2.6 Op 11 oktober 2011 heeft een laatste mediationgesprek plaatsgevonden waarna partijen op 1 november 2011 het echtscheidingsconvenant hebben getekend.
2.7 Bij brief met bijlagen van 26 november 2012 heeft klager zich bij de deken beklaagd over verweerster.
3 KLACHT
3.1 De klacht houdt, zakelijk weergegeven, in dat verweerster tuchtrechtelijk verwijtbaar heeft gehandeld als bedoeld in artikel 46 Advocatenwet doordat verweerster:
a) de belangen van klager tijdens de bemiddeling op buitengewoon onzorgvuldige wijze heeft behartigd;
b) klager indringender had moeten adviseren zelf juridisch advies in te winnen en door zulks na te laten haar taak als advocaat en belangenbehartiger heeft veronachtzaamd;
3.2 Ter toelichting op zijn klachten stelt klager dat verweerster zijn belangen onvoldoende in acht heeft genomen met als gevolg dat een echtscheidingsconvenant tot stand is gekomen dat voor klager financieel zeer nadelig is. Daarnaast stelt klager dat hij ten tijde van de echtscheiding in geestelijke nood verkeerde, waarvoor medicatie was voorgeschreven. Volgens klager heeft verweerster zulks vastgesteld, maar heeft zij klager en zijn ex-echtgenote laten bepalen of klager in staat was om zijn wil vrijelijk te bepalen. Hoewel klager destijds heeft aangegeven daartoe in staat te zijn, heeft hij achteraf moeten constateren dat dit niet het geval was.
4 BEOORDELING
4.1 Volgens vaste rechtspraak van het Hof van Discipline zijn voor het optreden voor beide partijen in het kader van een echtscheiding extra zorg en bepaalde waarborgen vereist. De advocaat dient grote zorgvuldigheid te betrachten en zich er van te vergewissen dat beide partijen de inhoud van een regeling begrijpen. De advocaat dient partijen alsdan duidelijk te wijzen op hun wederzijdse mogelijkheden en marges en hij dient er voor te waken dat wanneer één van beiden genoegen neemt met minder dan hem of haar bij formele afwikkeling toe zou komen, deze daarin dan uitdrukkelijk instemt en zich rekenschap geeft van de gronden waarop hij of zij dat standpunt inneemt. In het algemeen zal het daarbij van belang zijn dat partijen schriftelijk op hun mogelijkheden en hun voorgenomen toegeving worden gewezen, naast vastlegging van de regeling welke partijen en de gezamenlijke advocaat voor ogen staat.
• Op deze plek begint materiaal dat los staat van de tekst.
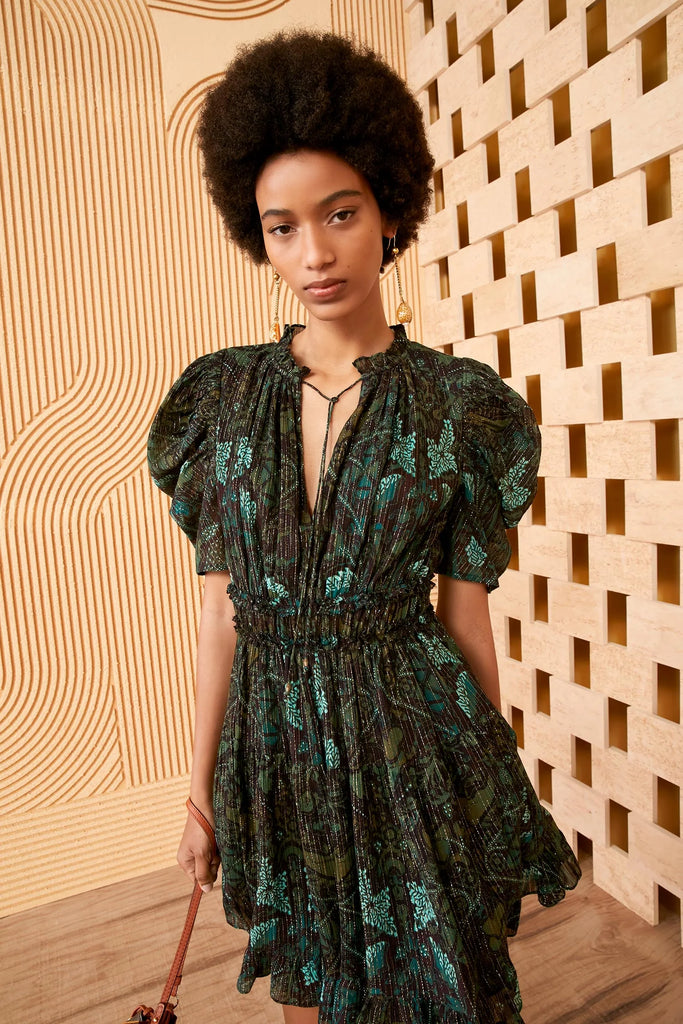 The Ada mini dress is a signature Ulla Johnson silhouette, adorned with a mesmerizing print of birds and botanical motifs. This frock features flecks of lurex thread throughout, as well as a watercolor shadow technique that is highlighted along the hemline. It has short draped sleeves, open neckline, and elastic waistband that is finished with a side seam zipper.
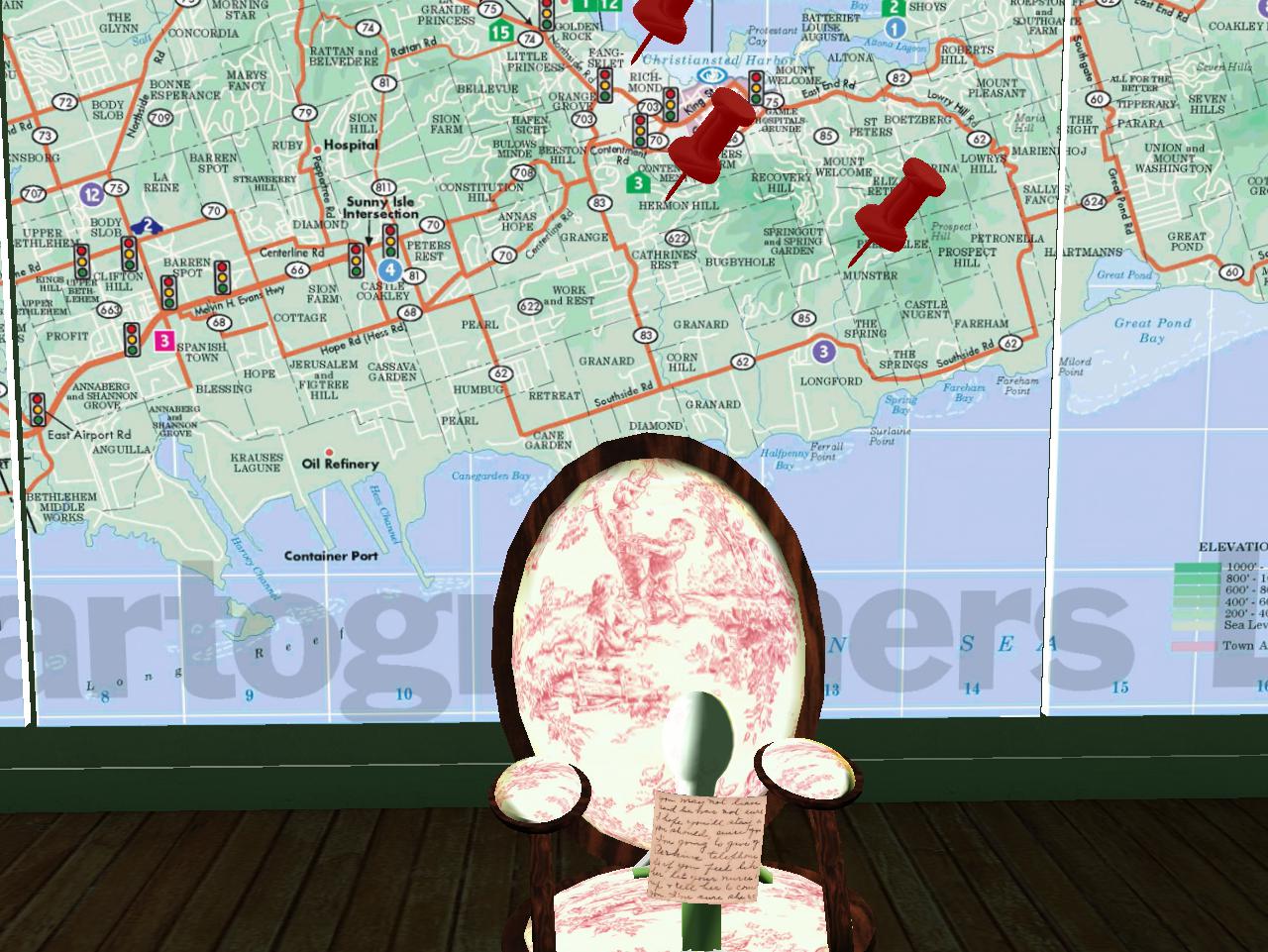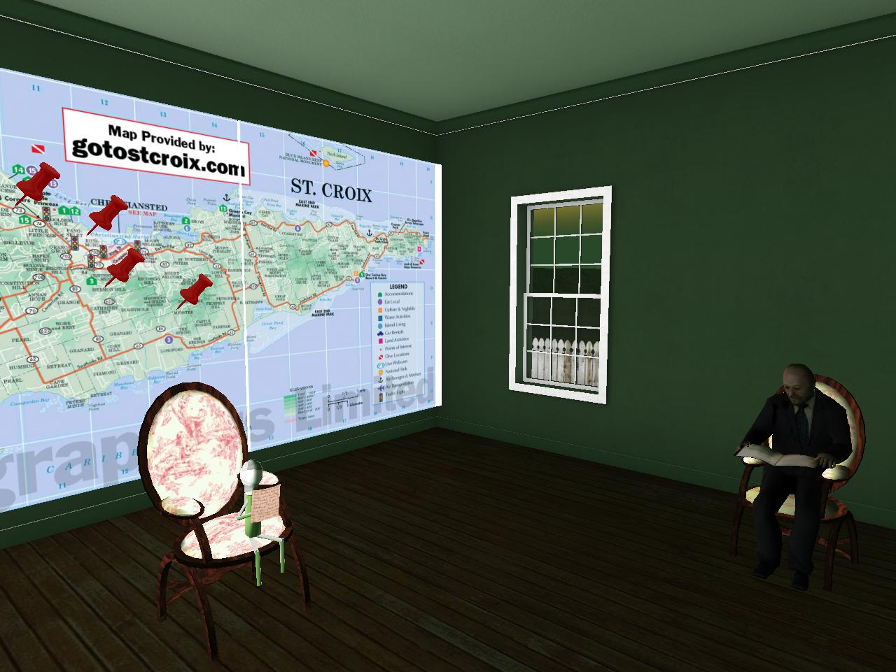 Jeffrey Phillips now pointed upper right with his cane finger. “Parasol,” he indicated. “Opening for her to come back,” he explained further about the presence of the pin marking the small Virgin I. village on the map. “Umbrella,” he spoke more back to Kolya. “But don’t open it or there’s a chance more rain will pour into your brain.” Less snickering this time from Sally. She truly felt sorry for Kolya and his holey headed condition and thought new-ish lover Jeffrey Phillips had taken it too far this time. She forcefully halted her smile, turned to Kolya as well to show her serious face, perhaps inserting a schweet secret smile upon it in place of the wry, even mocking one.
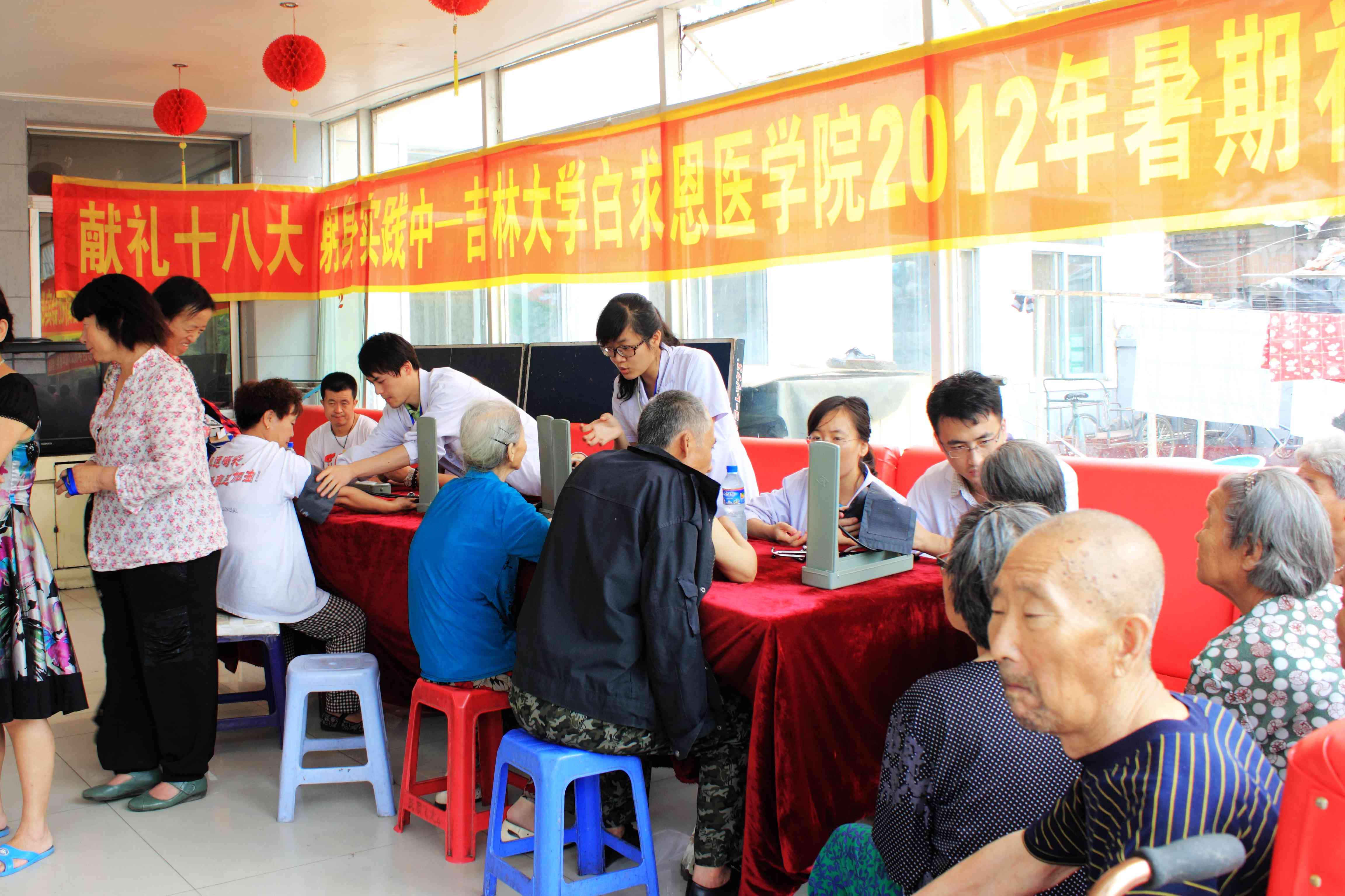 27名志愿者在学生工作办公室主任吴剑锋、辅导员魏宇航的带领下前往长春市东盛街道鑫旺社区同心老人院进行医疗进社区志愿服务活动。
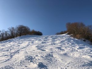 白山一里野温泉スキー場スタッフブログ パトロール隊より、上級者エキサイトゲレンデ 2020.02.21 パトロール隊より、上級者コースのエキサイトゲレンデ上部の今朝の様子です。 今朝は全体的にハードバーンとなっています! しっかりスピードコントロールしてください。 エキサイトゲレンデ下部は日中にバーンが緩むまでクローズ。 パトロール隊が安全確認し判断となります。 雪が少ないので、滑走には十分お気を付けください。
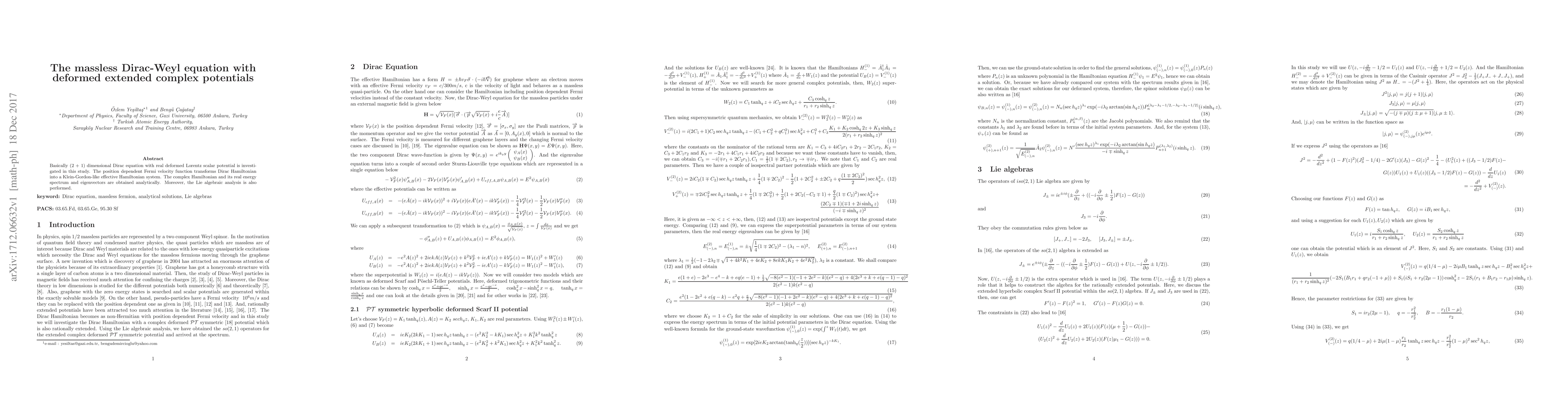 This paper investigates the (2 + 1) dimensional massless Dirac-Weyl equation with a deformed Lorentz scalar potential, transforming the Dirac Hamiltonian into a Klein-Gordon-like effective Hamiltonian. Analytical solutions for the complex Hamiltonian, real energy spectrum, and eigenvectors are derived, along with a Lie algebraic analysis.
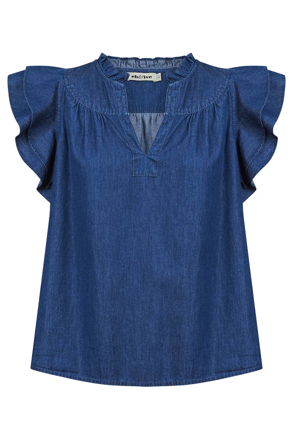 A beautifully soft and lightweight chambray frill top. Crafted from 100% cotton to have an effortless denim look. Features V neckline with slight frill collar, double-layered cap sleeve with frill detail, and seam detailing at yoke on front and back.
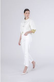 Doudoune courte de printemps pour femme ornée d'un élégant matelassage en losanges et d'une fermeture à brandebourg raffinée. manches courtes légère et polyvalente elle est idéale pour la mi-saison. le mannequin mesure 171 cm et porte une taille s. coupe : classique.
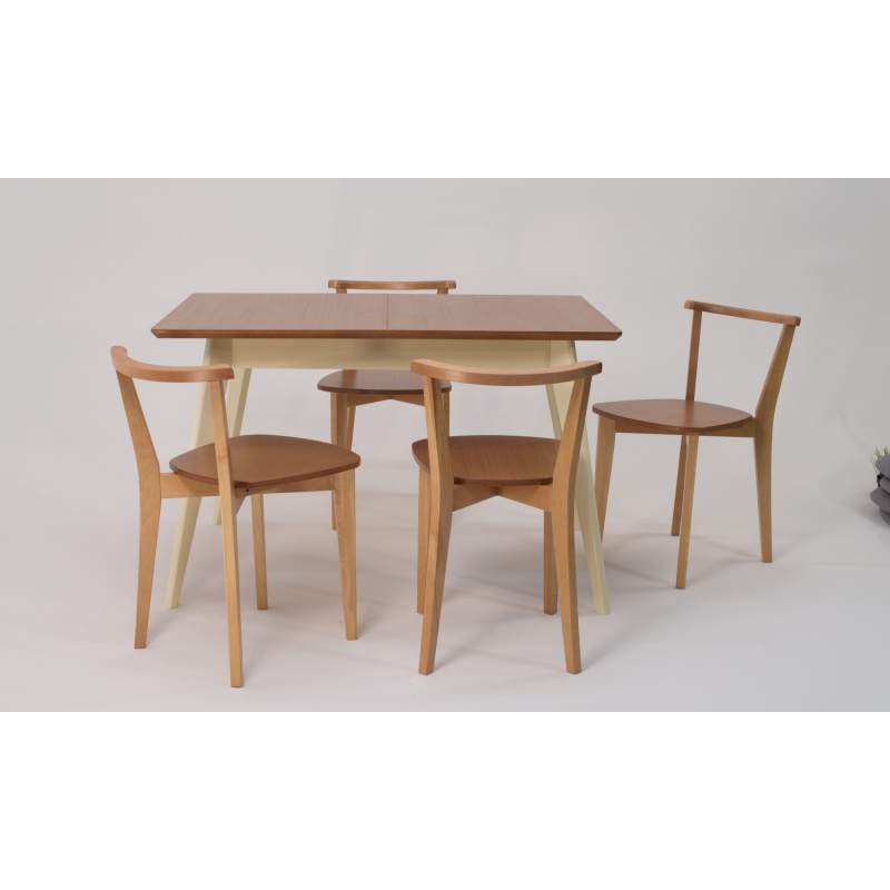 Комплект из деревянного стола Сканди на каркасе из натурального дерева и 4 стула Франк отлично подойдет к интерьеру, выдержанному в скандинавском стиле. Данный комплект станет центральным элементом в гостиной, столовой зоне, на кухне, позволив создать уютное обеденное место, где смогут собираться члены дружной семьи и их гости.У модели прямоугольная форма столешницы, со скруглением углов. Такое решение исключит риск сколов и обеспечит безопасность, в том числе, детям.Комплект выполнен в красивй комбинации цветов - натур и слоновая кость. Сочетание изысканного дизайна и высокого качества исполнения - главная особенность комплекта.Столешница выполнена из материалов с великолепными эксплуатационными свойствами - МДФ (Материал создается на основе натуральной древесины. Практичен, надежен, имеет однородную гладкую структуру), шпон.Мебель проста в уходе - для поддержания первозданного вида достаточно использовать простую чуть влажную салфетку по мере необходимости.Состав комплекта: Стол F514104SUN 120x80x75 и 4 стула R100701N00 44x53x73
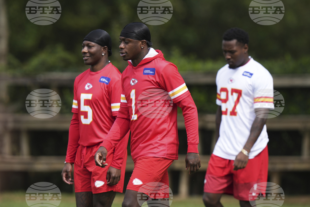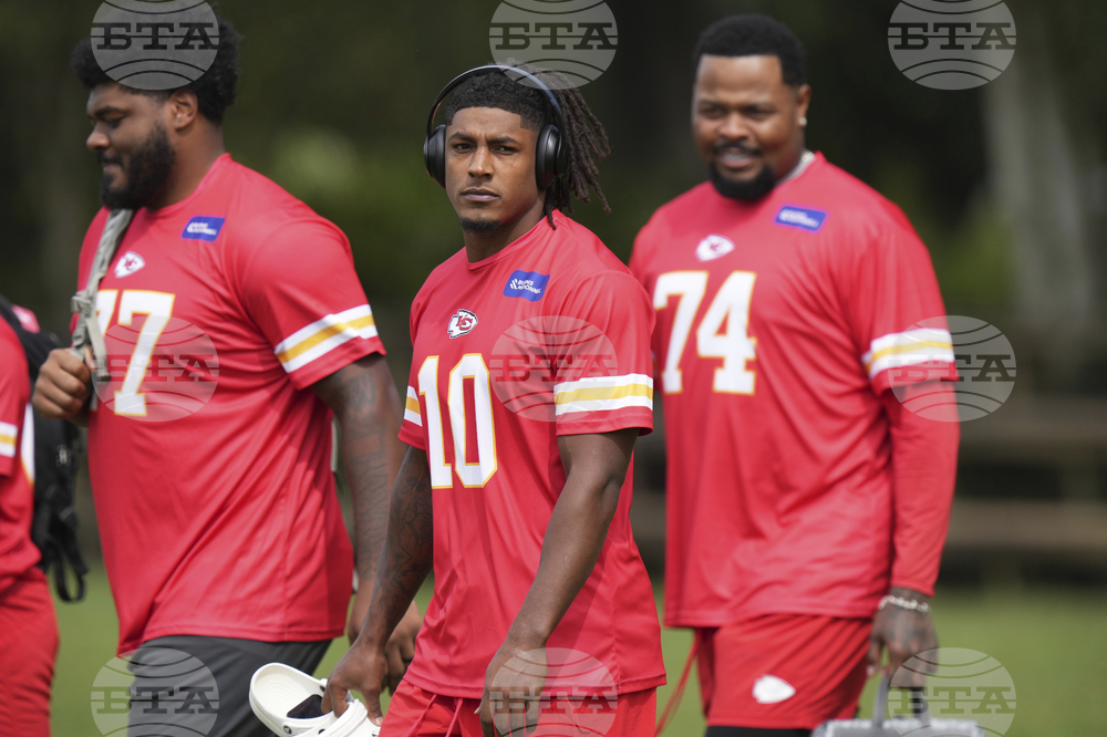 From left, Kansas City Chiefs wide receiver Marquise "Hollywood" Brown, wide receiver Xavier Worthy and safety Chamarri Conner arrive for a training session prior to a NFL football game against Los Angeles Chargers in Sao Paulo, Brazil, Thursday, Sept. 4, 2025. (AP Photo/Fernando Llano)
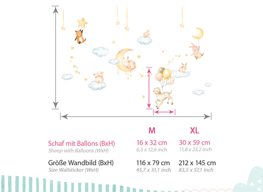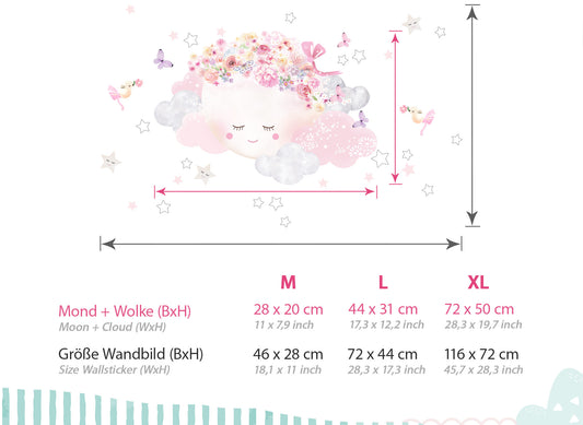 Wandtattoo Wolken & Mond mit Schleife Weiß / Rosa DK1080
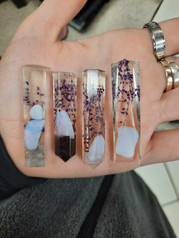 Contact via Facebook or Instagram to get a custom piece! All orders can be made with an assortment of crystals, dried flowers, metals, stickers, pictures, or other materials. She also works with cremation ashes for loved ones that have passed away. Takes custom orders on any of the following products:
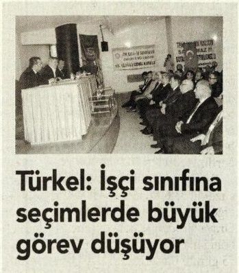 TÜRKEL: İŞÇİ SINIFINA SEÇİMLERDE BÜYÜK GÖREV DÜŞÜYOR
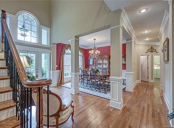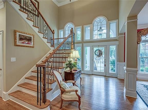 Gorgeous home with open floor plan and lovely outdoor living space. Almost 4000 sq ft of quality construction with all the upgrades. The main level features great room with a wall of windows overlooking the private backyard, formal dining room and gourmet kitchen open to den/keeping room with fireplace. The main level master suite has feature ceiling and his/her closets & vanities. There is also an additional bedroom with full bath on the main level. Upper level offers three spacious bedrooms plus a bonus room and walk in attic storage. Other details in the home include large laundry room, double ovens, gas cook top, trash compactor, central vac and a three car garage. A covered porch with brick pavers and patio area lead out to the wonderful yard with lots of trees. Located on cul de sac street in private gated community just minutes to Uptown Charlotte, airport & Lake Wylie. Golf, tennis, swim & dining membership is available.

4.2 Klager verwijt verweerster niet te hebben voldaan aan voormelde maatstaf door hem onvoldoende te wijzen op het feit dat de getroffen regeling volgens klager voor hem zeer nadelig is. Verder verwijt klager verweerster niet te hebben onderkend dat hij in geestelijke nood verkeerde, waardoor hij niet in staat was om zijn wil vrijelijk te bepalen. Verweerster had volgens klager uit de e-mailwisseling van 7 en 8 september 2011 moeten begrijpen dat klager onvoldoende in staat was om zijn wil vrijelijk te bepalen en hem op dat moment indringend moeten adviseren om een eigen advocaat in te schakelen.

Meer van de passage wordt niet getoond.